Good or Bad?
Is it a good idea to work with your spouse? I ask this because my current form tutor recently got married to my old maths teacher. At first, I was like, what on earth do they see in each other, as in to me they seem like the complete opposite to each other (please don’t give me that ‘opposite’s attract bullcrap’), but then I realised they do share a few common things personality wise, yes of course. They are both annoyingly annoying (does that make sense?) plus they both get the fudge on my nerves. But then again, I guess everyone deserves to be happy and thus I am putting away my grudges and wishing them a happy married life.
I came across this.
Pro:
The idea of working with your spouse is good in that it helps couples to understand their partners more. Working together would help couples to have more time to see each other thereby keeping the bond intact. If you work with your spouse, there would be no room for doubts and distrust which would make the relationship better and stronger. Couples would have more bonding together which would make them have more time to talk and help each other when the need arises.
I think it's a great idea working with your spouse. For one thing, you and your spouse will have more time together plus there is always time to talk about issues regarding work. If problems occur regarding work, then both of you could talk about it and give a solution to whatever that problem is. Working together would help both spouse to understand more about their partners as you will be working very closely together. It would be good for both of you as you will be exchanging ideas that would help you both grow and have better achievements in work as well as your relationship as husband and wife.
Anti:
No matter how much you love your spouse, there are many reasons that working together is not a good idea. There's no one who can better explain the reasons than an employee at a company owned by a husband and wife team! All the good intentions in the world cannot prevent the stress that occurs when a husband and wife work together, most of which gets transferred along to the rest of the company. Owning and operating a company should never be about personal relations. With a spouse on board, it is simply unavoidable that the personal and professional will mix, and when things go badly, a new dimension of tension gets added to the fray. The best way to support a spouse is to do it from the sidelines.
Among several problems thar arise when a husband and wife work together is: Who's in command?
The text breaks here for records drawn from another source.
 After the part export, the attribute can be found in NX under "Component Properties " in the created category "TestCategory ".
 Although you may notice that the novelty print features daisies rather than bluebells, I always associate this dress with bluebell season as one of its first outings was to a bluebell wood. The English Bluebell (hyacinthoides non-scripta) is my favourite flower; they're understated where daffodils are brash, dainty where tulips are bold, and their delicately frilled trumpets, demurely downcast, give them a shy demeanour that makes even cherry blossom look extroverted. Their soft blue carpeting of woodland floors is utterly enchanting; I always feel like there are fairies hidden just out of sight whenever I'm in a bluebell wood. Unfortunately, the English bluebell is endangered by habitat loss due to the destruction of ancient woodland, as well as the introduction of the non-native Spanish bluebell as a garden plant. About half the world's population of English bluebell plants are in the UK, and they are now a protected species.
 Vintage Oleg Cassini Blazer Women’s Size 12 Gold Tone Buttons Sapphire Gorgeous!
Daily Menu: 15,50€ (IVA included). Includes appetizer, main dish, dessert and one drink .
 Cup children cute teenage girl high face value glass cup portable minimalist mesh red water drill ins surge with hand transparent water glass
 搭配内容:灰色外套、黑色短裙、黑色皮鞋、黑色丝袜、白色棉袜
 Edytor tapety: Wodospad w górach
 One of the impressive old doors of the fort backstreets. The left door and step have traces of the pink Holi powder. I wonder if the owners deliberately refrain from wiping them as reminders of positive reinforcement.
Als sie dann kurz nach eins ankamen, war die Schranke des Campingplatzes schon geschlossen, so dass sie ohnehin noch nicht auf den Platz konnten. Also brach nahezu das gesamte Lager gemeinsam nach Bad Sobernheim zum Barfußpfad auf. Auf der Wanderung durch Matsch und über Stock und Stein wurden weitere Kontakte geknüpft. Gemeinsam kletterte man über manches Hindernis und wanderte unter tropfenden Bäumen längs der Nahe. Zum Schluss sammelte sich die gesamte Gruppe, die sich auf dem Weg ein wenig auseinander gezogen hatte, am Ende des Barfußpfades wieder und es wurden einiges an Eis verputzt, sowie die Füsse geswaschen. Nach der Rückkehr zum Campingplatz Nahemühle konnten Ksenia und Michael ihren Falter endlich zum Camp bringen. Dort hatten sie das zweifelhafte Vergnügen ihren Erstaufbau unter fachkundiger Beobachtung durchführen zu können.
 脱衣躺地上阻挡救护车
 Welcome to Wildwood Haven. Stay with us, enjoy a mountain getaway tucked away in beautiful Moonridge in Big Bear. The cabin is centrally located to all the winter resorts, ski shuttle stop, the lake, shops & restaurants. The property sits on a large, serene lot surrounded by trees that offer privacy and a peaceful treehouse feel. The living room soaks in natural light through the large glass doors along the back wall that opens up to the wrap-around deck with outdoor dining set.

Even when one spouse is clearly the boss, and the other the worker, simply from the nature of the relationship, this can never be a traditional work relationship. The spouse/employee always has a privileged access to the boss and a superior status to the other workers, who can never work around that relationship. If the employee spouse says something contrary to the boss spouse, workers are unsure whom to follow. Who really has power? In fact, both do, even when one spouse is the boss, and the other is not.
When two spouses work together and have conflicts, the personal invades the workspace. Nothing is worse for the workplace environment that two feuding spouses. It's the equivalent of "mom and dad fighting" as one worker expressed it. The couple is stressed, and the rest of the company's employees are forced to walk on egg shells until the conflict is resolved. When things are finally smoothed over, the company employees may not even realize it.
Day-to-day workplace gossip reaches new heights when a couple runs a business. Every personal tidbit becomes fodder for the gossip mill. Employees don't know how to approach the couple in a comfortable way. Each spouse must decide how much or how little to share that their own spouse may not want the employees to know. Revealed information cannot be taken back, and secrets revealed may lead to additional conflict.
I think, no wait, I KNOW I agree with the anti response, so what’s your take on this?
8 comments:
Hey there,would be back to read more. Quick answer -no don't think it'd be a good idea working with one's spouse. Depends on the type of job though.
yes i total agree with the anti response, but the pro is little bit right too. lol@they are both annoyingly annoying. i guess that is why they love each other the annoyingly of annonessity(is that even a word)
@blog
hey, i feel you :)
@BSNC
lool yeah, the disadvantages totally outweigh the advantages
Uhm.. Thanks but no thanks..
Too much drama.. Might even end up thrashing out household issues in a work environment..
my parents worked in the same set up... not the same office but different sections... I heard so much work stuff at home that at some stage i would look at some of the characters in the soap opera and wonder if they really behaved the way I'd heard......surely u didn't do this whilst in class again???
@Roc
Exactement! :P
@DB
Looooooooooool, not during class o, the beginning of school ;)
Many big firms don't let couple work together. One has to leave when they get married so they don't scheme and cheat the firm (Bonnie and Clyde style criminals).
Like Boo owes me money and if it were someone else, I would be on their case but not in this case.
Ego would not let me be in a lower rank than my husband if we worked together. And Nigerian men won't be into their wives being bosses.